Didn't take the Cal III test today after all. I went to class, but only to tell Prof Davis that one of my family members had died. Luckily he said that would be okay, and that he'd just count it like I missed it instead of giving me a zero. Knowing the assholish things he's done to screw me in the past, I almost was expecting him to tell me to shut up and take the test, cause death isn't a good enough excuse for him (despite being a good enough one for the University). Knowing him, he'd count points off because the tears smudged the ink on the paper. Bah.
Well, luckily enough he was okay with it. Just can't think straight after this morning's unexpected news. It's just now setting in about what happened. When Mom first told me, I did a triple take, as my brain just couldn't understand the words coming from her mouth. I just can't believe that Timmie's dead...
It was just yesterday that lavender_moon
and I were hanging out with him and Pam on New Years, playing Trivial Pursuit and listining to Dr Demento CD's. He wanted to show me a song called Bulbous Bufont. He promised me that next time I came down during the week, we'd all head out to Trivia Night at Bojangles, since I haven't been able to show up to that since the summer break. Laura and I were both going to try to cut class and hang out with him for Mardi Gras later this month. I just can't believe that he's gone. It's an hour and a half later, and it's just now starting to sink in that he died this morning. If I talked to you on the phone and you were surprised that I wasn't crying, this is why. I loved Timmie - he wasn't just family, he was cool as hell to hang out with. Now that the fact that I'll never get to see him again is starting to sink it, it feels worse and worse. Even now, there's still a part of me deep inside that's hoping this is all some kind of sick joke, or that Mom actually said "Jimmy" or "Billy" or some other name, someone else but Timmie.

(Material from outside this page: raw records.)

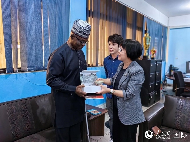 人民網(wǎng)監(jiān)事會(huì)主席唐維紅(右一)帶隊(duì)訪問尼日利亞通訊社,與該社總裁布克·龐勒(左一)交流。人民網(wǎng)記者 陳星星攝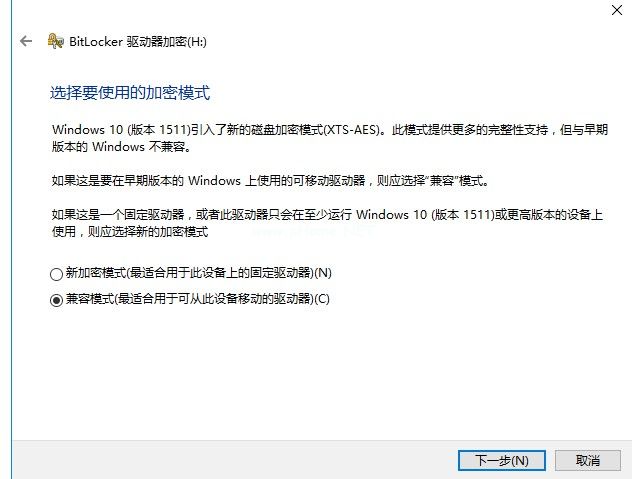 6、給移動(dòng)U盤加密選擇兼容模式。
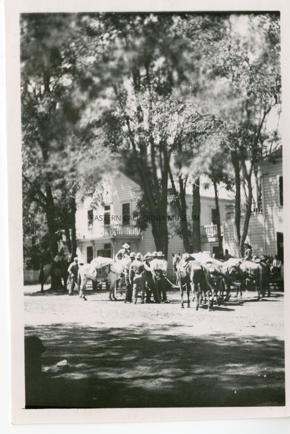 B&W. Photo of a street scene. Two story buildings in background, group of men and packed horses in front. Tall trees giving lots of shade. Maybe the Butler Hotel in Big Pine?Collection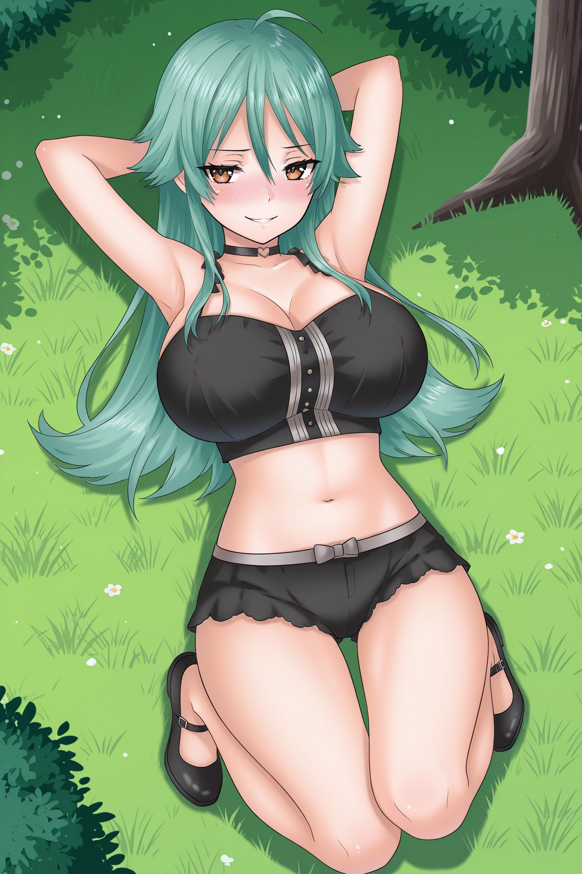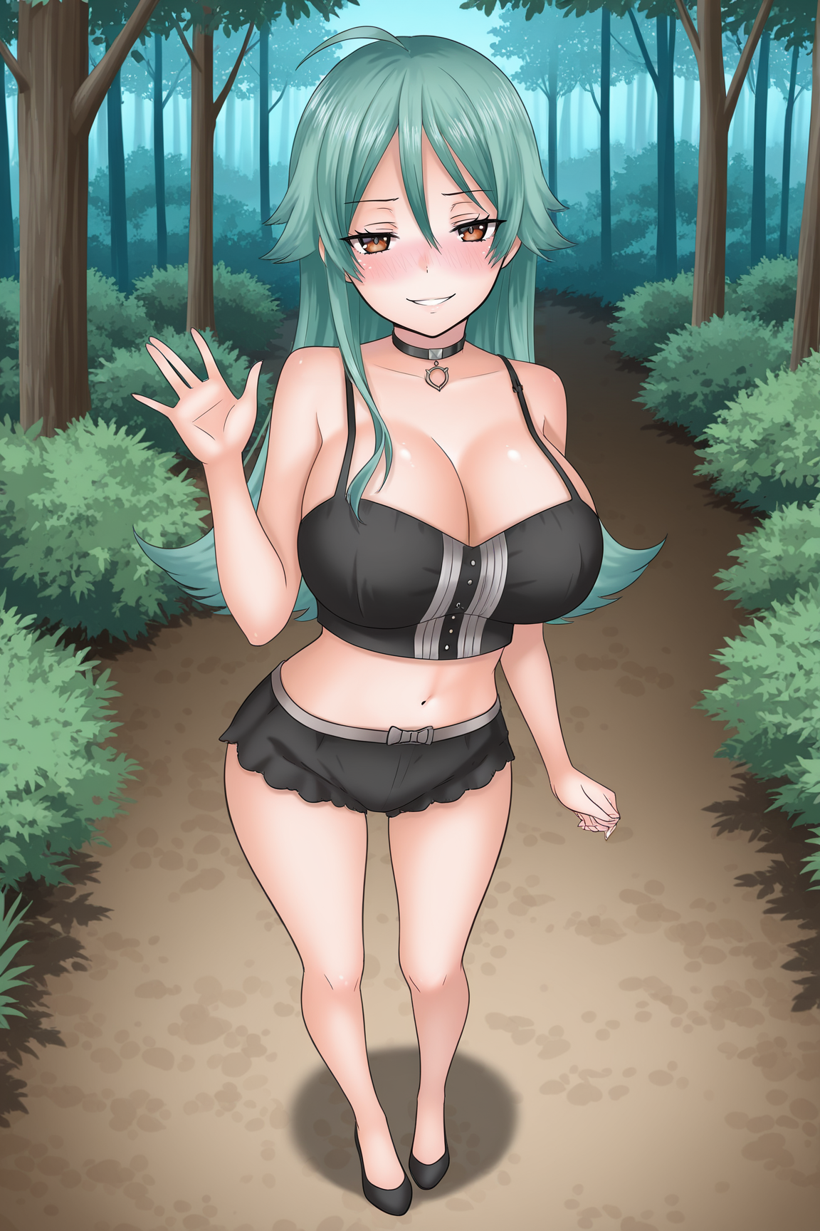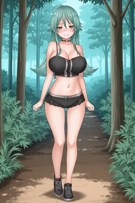 ➜ KyoTTILXL, 棕色眼睛, 绿发, 发丝遮眼, 长发, 大胸, 黑色项圈, 黑色露脐装, 无袖, 黑色短裤, 超短裤, 黑色鞋子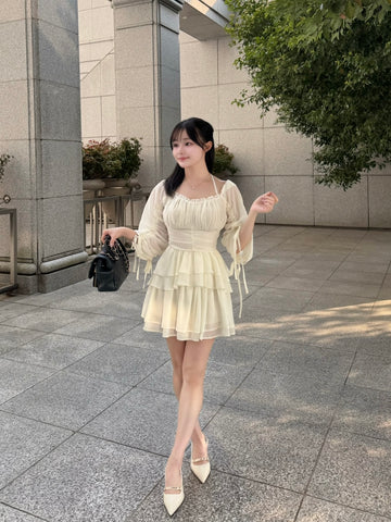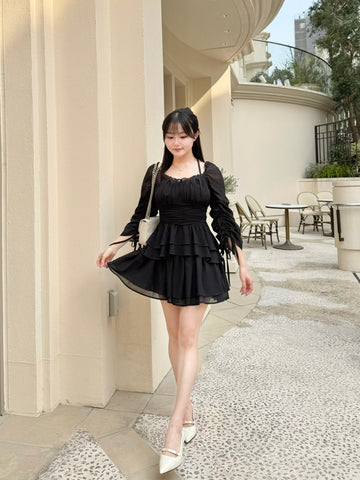 ボリューム抑えめなシフォンのフレアなので可愛いらしくなりすぎず、ミニ丈でも大人っぽく上品な印象でご着用出来ます。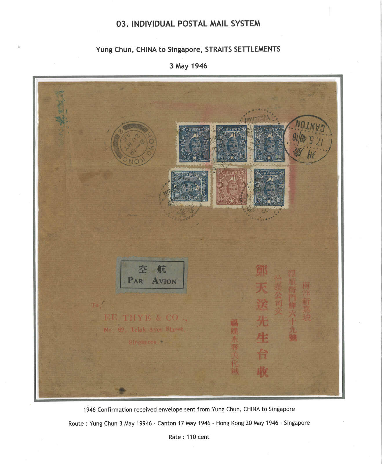 1946 Yungchun (3 May) to Singapore, f.w. SYS x6 on reverse, in total of $110 (probably double international printed matter rate + airmail rate) tied by Yungchun bilingual cds. Transit Canton (17 May), Hong Kong (20 May). First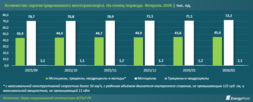 В 2025 году в Казахстане зафиксирован кратный рост первичной регистрации мототранспорта - показатель увеличился почти в десять раз, главным образом за счёт лёгкой техники, передает inbusiness.kz со ссылкой на energyprom.kz.

This is the first time I think I'll be really upset at seeing someone at a funeral since Paw-paw died. I was crushed when he died, but he was an old man and we knew it was coming. But Timmie....Timmie's not all that much older than I am. He's not an old man who already goes to the doctors once or twice a month for medicines and surguries and the like. He was too young to die. It wasn't his time; couldn't have been his time yet. This is the first time that someone so close to me has died so unexpectedly. I've had friends die in car wrecks before, but Timmie was family
When I first heard Mom's voice this morning, I could tell something was wrong. At first, I thought that she was getting worse herself. When I was tell that she was about to tell me that someone died, I automatically assumed that it was Uncle Pat. So did thespacecow
when I told him. So did lavender_moon
when he told her. If that had of been the case, I would have been all right. I would still miss him, but he's already lived out most of his life. He's getting up there in years, and already has to go to the doctor's one every week because of his deteriorating health. It would still be hurtful to lose him, but we would be more prepared for it. But Timmie was unexpected. And unexpected blows like that hurt a hell of a lot more.
Anyway, I just emailed my professors to let them know I'd be out of town later this week, and try to get what assignments I could from them. Since today's my light day, I think I'm going to turn off the lights and lie down for a while until my next class at eleven. I just feel like being alone right now.